> ASSIGNMENT:
Below is a listing; retype exactly the lines between the one containing "Rare antique Coventry" and the one containing "W muzeum znajduje", inclusive, minus the pictures.

> ENTRIES PROVIDED:
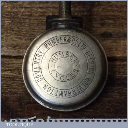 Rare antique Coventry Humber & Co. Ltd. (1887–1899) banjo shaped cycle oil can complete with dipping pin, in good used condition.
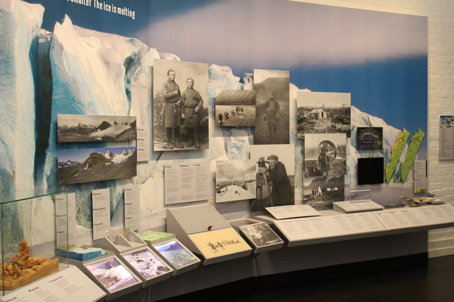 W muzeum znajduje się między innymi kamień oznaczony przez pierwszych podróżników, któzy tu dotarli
--
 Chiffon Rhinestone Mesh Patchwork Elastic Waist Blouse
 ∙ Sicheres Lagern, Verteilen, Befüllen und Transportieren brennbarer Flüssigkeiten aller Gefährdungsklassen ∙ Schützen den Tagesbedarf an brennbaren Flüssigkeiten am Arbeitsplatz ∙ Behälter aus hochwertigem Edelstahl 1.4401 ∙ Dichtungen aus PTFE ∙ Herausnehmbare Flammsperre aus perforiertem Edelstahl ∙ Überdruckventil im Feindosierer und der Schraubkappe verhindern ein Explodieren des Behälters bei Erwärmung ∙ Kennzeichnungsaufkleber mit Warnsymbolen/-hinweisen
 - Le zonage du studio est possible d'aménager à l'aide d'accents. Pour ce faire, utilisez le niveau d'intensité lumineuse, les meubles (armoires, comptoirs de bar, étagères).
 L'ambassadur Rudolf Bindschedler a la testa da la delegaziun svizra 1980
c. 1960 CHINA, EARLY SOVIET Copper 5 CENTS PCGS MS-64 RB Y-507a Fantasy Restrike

> WRITTEN RESPONSE:
 Rare antique Coventry Humber & Co. Ltd. (1887–1899) banjo shaped cycle oil can complete with dipping pin, in good used condition.
 W muzeum znajduje się między innymi kamień oznaczony przez pierwszych podróżników, któzy tu dotarli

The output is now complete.